Each line below from the "お野菜は薄くスライスした大根、白菜に、写真には不在ですが豆苗を用意しています。" line through the "在地價上漲率方面,大阪府地價" line, those two included, must be restated word for word; the pictures must not be.

§ **Stored records**
____
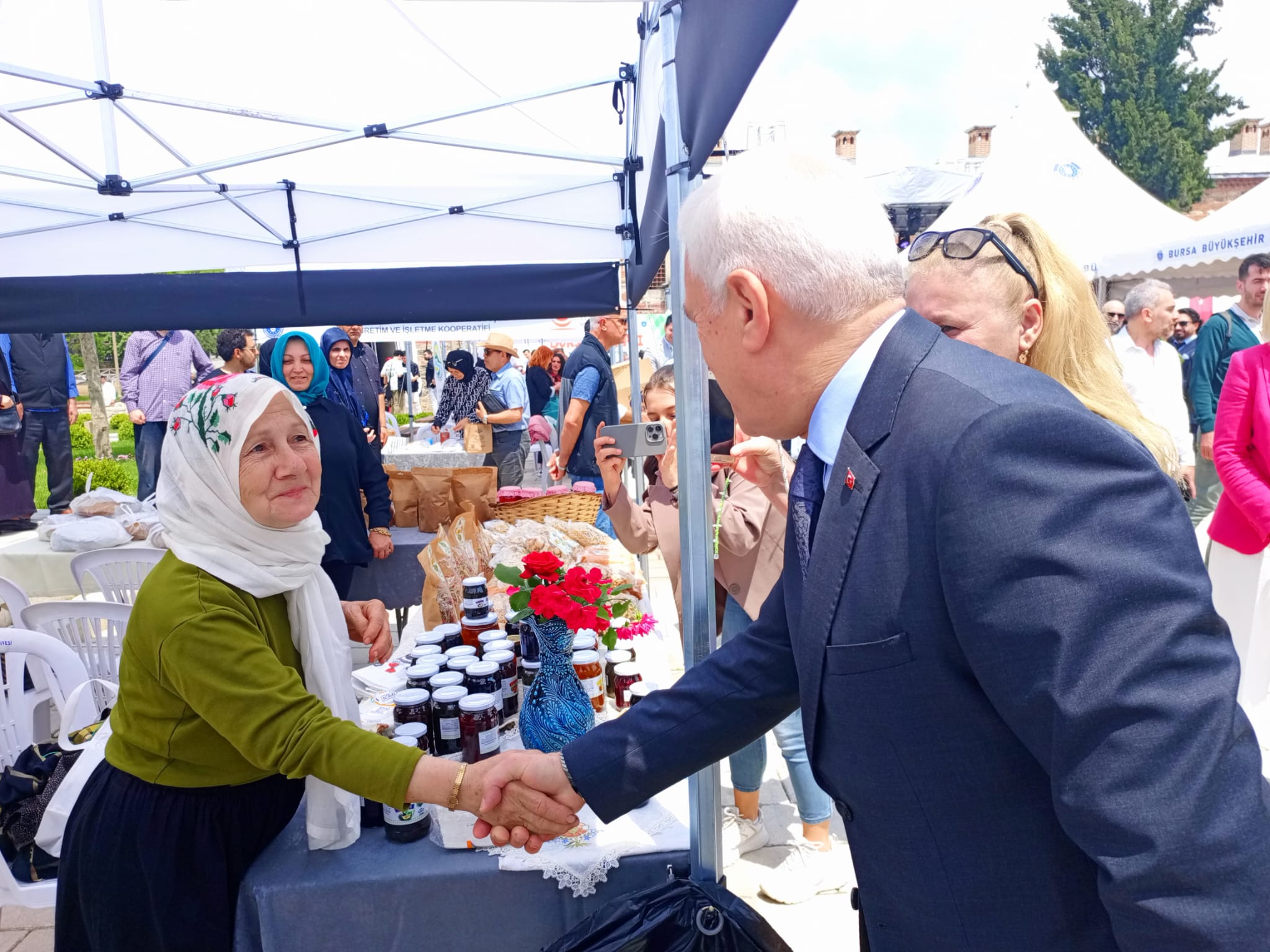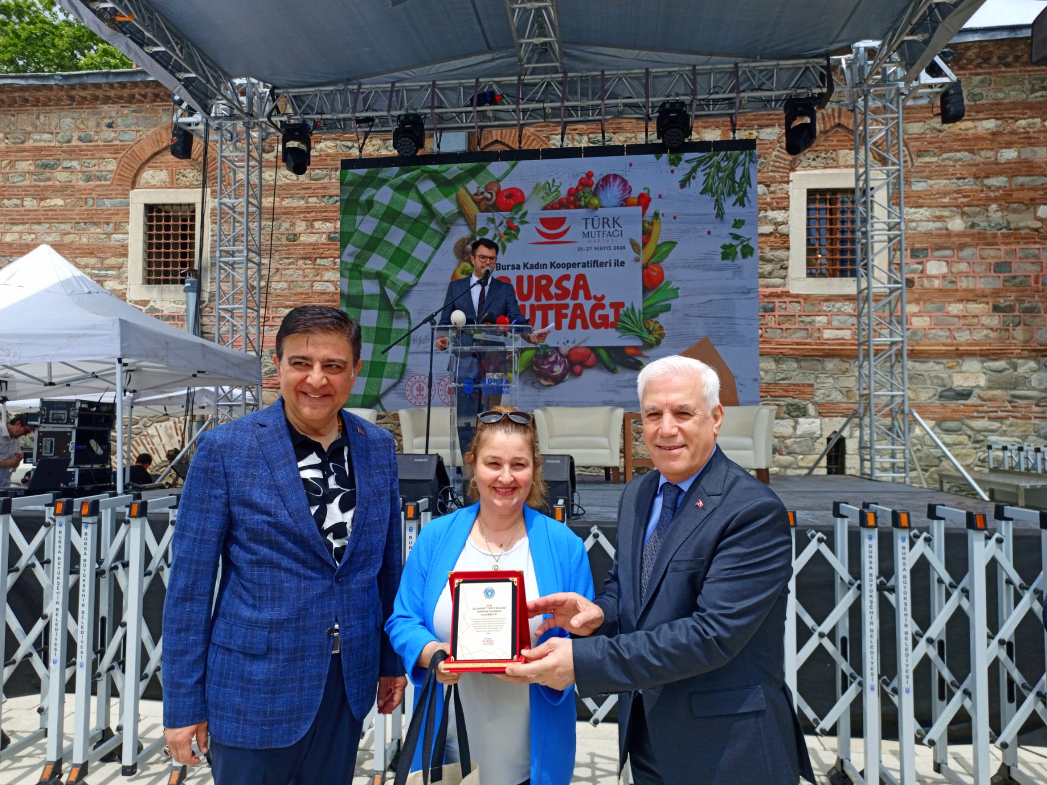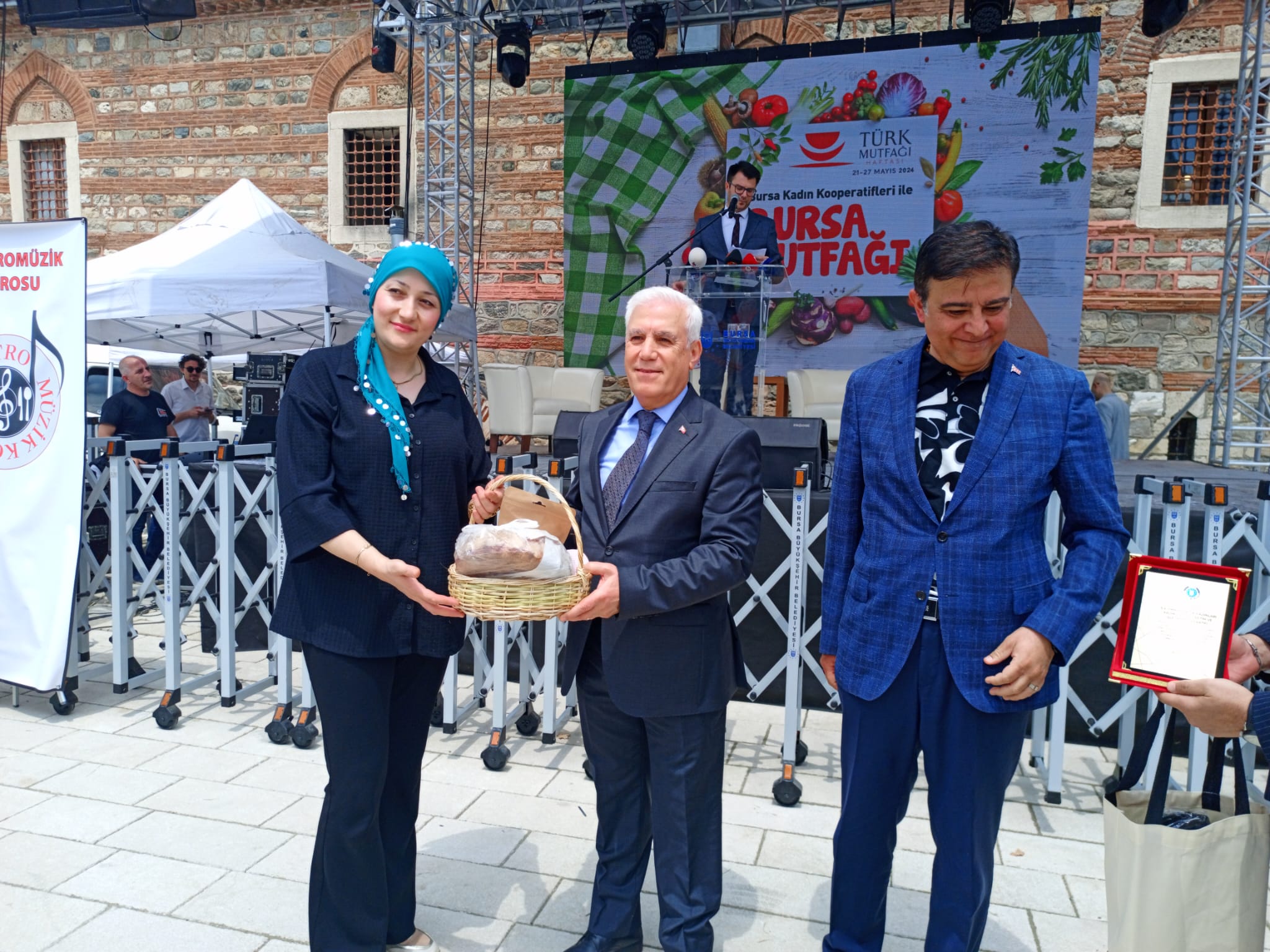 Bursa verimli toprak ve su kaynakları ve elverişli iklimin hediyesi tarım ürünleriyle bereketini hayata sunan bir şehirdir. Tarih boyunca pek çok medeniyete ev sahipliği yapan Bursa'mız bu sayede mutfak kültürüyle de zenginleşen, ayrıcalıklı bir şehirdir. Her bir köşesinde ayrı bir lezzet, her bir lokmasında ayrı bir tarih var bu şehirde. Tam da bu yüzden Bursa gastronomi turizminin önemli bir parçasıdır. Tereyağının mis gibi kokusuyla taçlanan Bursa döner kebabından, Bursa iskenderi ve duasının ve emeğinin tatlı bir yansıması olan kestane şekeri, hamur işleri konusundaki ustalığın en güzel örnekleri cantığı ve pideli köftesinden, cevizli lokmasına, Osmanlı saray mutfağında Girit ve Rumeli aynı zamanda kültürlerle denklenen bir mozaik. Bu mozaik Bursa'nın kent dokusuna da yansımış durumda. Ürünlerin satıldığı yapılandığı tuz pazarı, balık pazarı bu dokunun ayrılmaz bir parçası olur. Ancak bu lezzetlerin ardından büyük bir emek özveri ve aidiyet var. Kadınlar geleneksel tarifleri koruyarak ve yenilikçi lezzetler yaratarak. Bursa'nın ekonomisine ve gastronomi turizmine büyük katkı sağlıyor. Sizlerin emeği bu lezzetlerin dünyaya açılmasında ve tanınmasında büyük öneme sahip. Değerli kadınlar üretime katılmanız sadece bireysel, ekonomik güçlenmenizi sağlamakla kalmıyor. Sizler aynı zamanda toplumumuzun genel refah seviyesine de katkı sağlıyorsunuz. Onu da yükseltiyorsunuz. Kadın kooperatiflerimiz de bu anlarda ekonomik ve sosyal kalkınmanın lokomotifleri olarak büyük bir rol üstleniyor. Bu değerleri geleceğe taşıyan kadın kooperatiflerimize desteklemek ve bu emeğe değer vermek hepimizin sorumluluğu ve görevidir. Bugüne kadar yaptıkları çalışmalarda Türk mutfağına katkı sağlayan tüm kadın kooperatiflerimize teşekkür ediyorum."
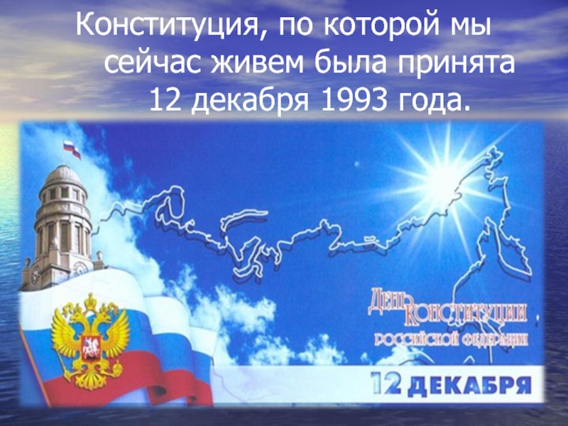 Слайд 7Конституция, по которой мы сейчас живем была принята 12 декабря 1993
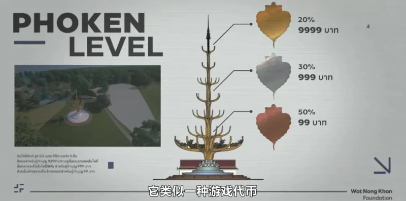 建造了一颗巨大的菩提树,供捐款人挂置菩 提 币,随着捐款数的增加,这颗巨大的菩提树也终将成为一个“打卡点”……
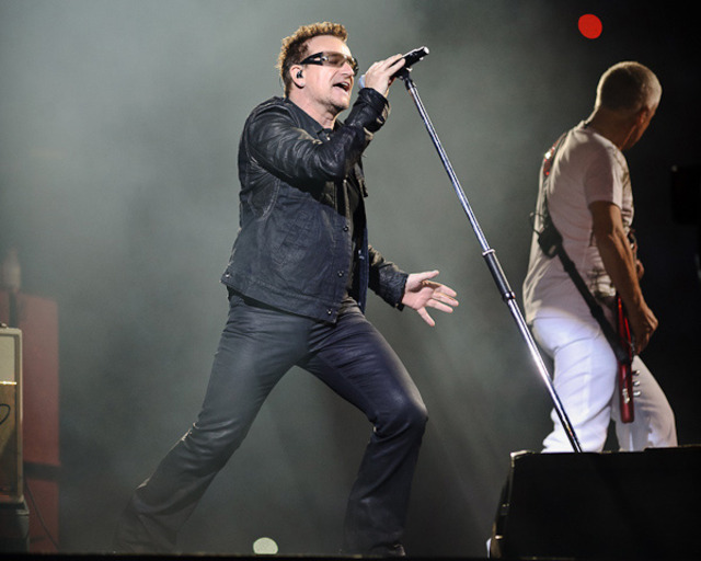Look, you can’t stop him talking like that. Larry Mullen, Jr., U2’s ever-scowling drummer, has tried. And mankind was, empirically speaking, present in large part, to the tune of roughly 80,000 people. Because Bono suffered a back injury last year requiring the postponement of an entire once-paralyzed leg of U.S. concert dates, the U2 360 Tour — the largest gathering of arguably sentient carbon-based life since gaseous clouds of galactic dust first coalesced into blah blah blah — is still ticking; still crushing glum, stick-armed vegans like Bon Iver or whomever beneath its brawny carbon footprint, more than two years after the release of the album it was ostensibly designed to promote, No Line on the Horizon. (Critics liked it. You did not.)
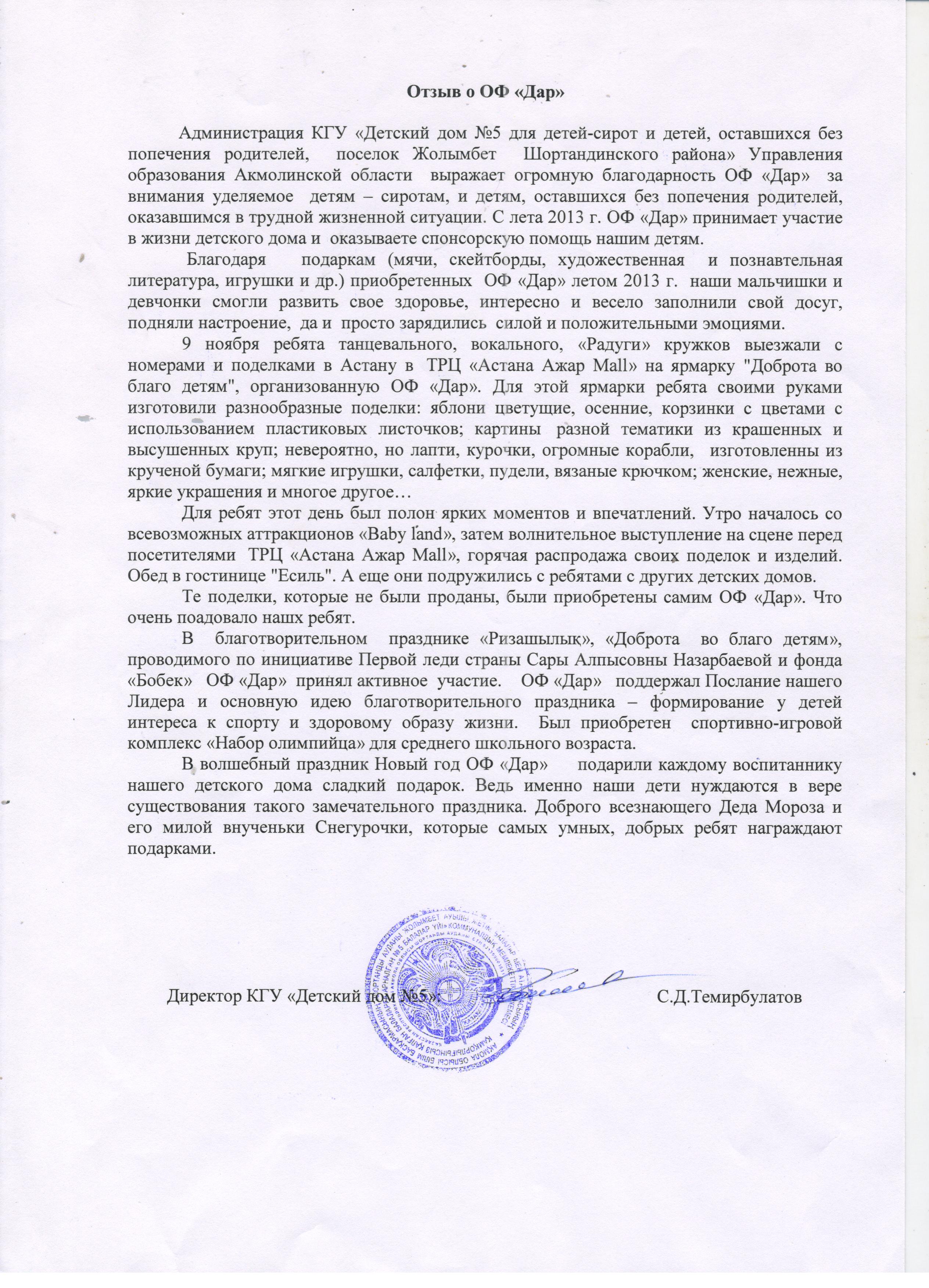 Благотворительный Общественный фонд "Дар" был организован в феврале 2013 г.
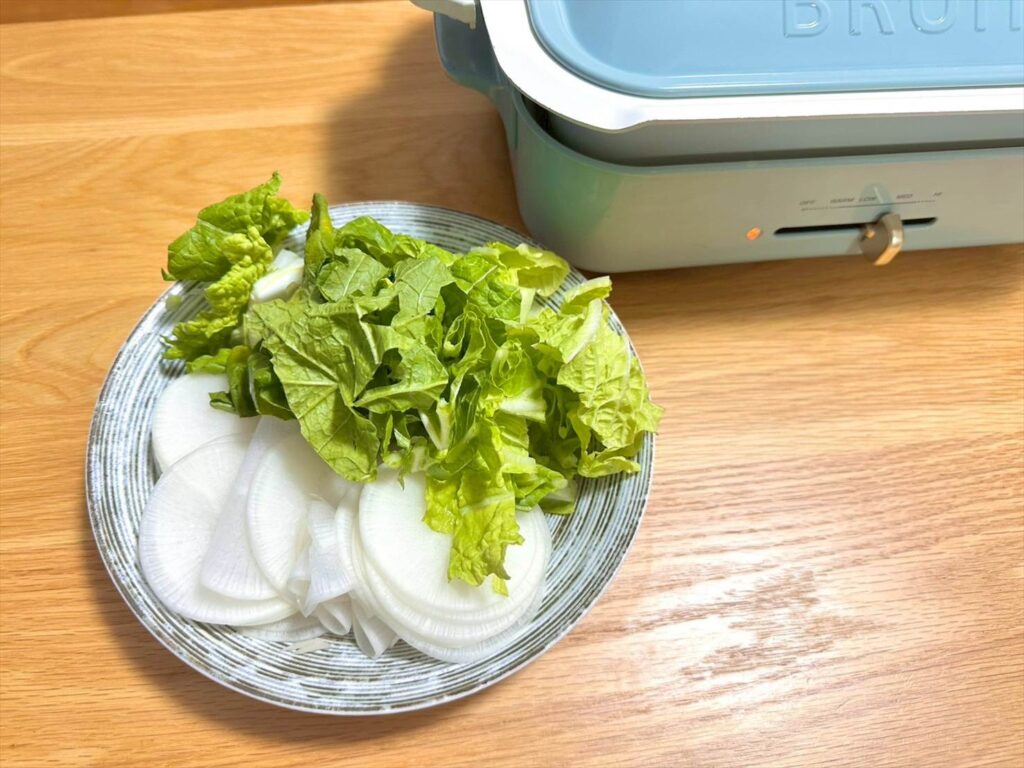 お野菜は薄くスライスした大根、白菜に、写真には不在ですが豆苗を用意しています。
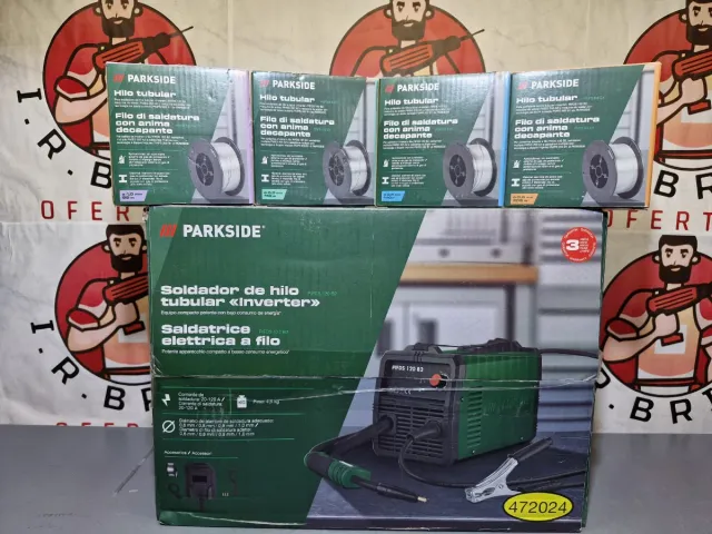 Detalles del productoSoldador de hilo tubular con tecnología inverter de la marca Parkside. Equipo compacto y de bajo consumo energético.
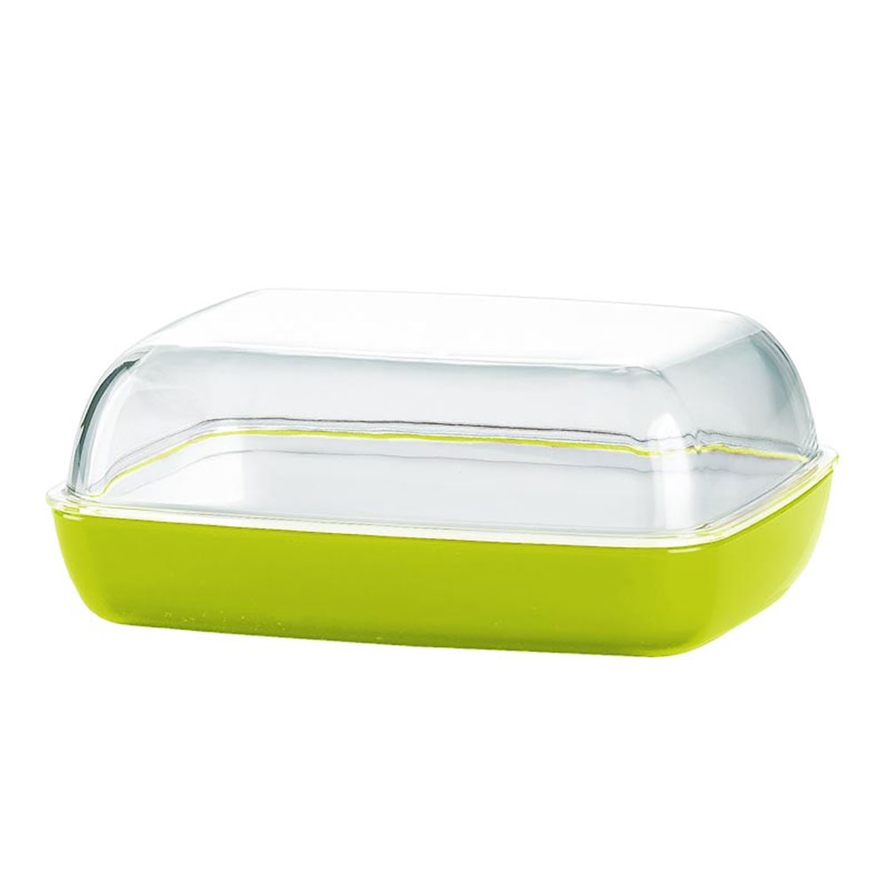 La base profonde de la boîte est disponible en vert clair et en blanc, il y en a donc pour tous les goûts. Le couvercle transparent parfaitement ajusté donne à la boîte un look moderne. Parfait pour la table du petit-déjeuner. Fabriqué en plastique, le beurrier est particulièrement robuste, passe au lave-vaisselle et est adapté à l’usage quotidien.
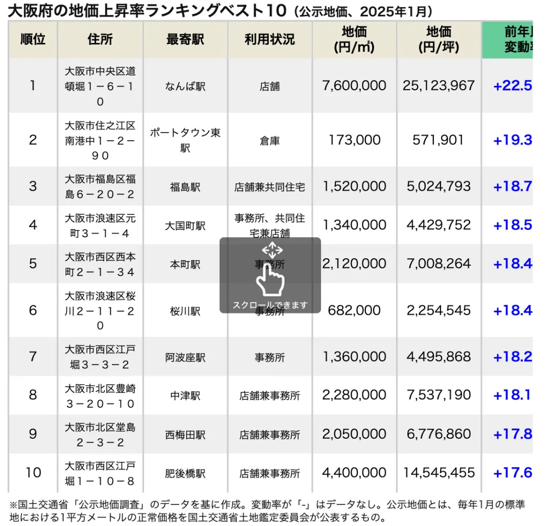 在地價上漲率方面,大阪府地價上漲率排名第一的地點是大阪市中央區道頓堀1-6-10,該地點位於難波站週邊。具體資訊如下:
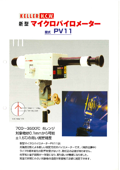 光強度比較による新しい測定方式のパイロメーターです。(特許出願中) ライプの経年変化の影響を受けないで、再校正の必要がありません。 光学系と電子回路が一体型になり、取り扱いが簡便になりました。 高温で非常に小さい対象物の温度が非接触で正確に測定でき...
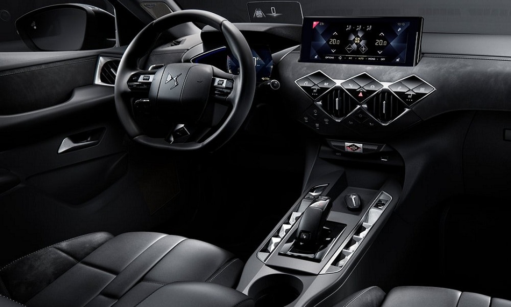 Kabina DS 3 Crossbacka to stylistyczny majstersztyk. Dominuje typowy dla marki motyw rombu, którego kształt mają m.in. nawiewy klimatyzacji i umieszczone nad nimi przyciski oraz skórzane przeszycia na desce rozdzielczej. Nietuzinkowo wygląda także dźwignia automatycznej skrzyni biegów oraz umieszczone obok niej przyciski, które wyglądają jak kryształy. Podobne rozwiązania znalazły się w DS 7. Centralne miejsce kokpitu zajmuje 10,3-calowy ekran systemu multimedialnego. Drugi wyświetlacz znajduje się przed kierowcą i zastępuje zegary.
____
§ **Answer to the problem**
 お野菜は薄くスライスした大根、白菜に、写真には不在ですが豆苗を用意しています。
 Detalles del productoSoldador de hilo tubular con tecnología inverter de la marca Parkside. Equipo compacto y de bajo consumo energético.
 La base profonde de la boîte est disponible en vert clair et en blanc, il y en a donc pour tous les goûts. Le couvercle transparent parfaitement ajusté donne à la boîte un look moderne. Parfait pour la table du petit-déjeuner. Fabriqué en plastique, le beurrier est particulièrement robuste, passe au lave-vaisselle et est adapté à l’usage quotidien.
 在地價上漲率方面,大阪府地價上漲率排名第一的地點是大阪市中央區道頓堀1-6-10,該地點位於難波站週邊。具體資訊如下:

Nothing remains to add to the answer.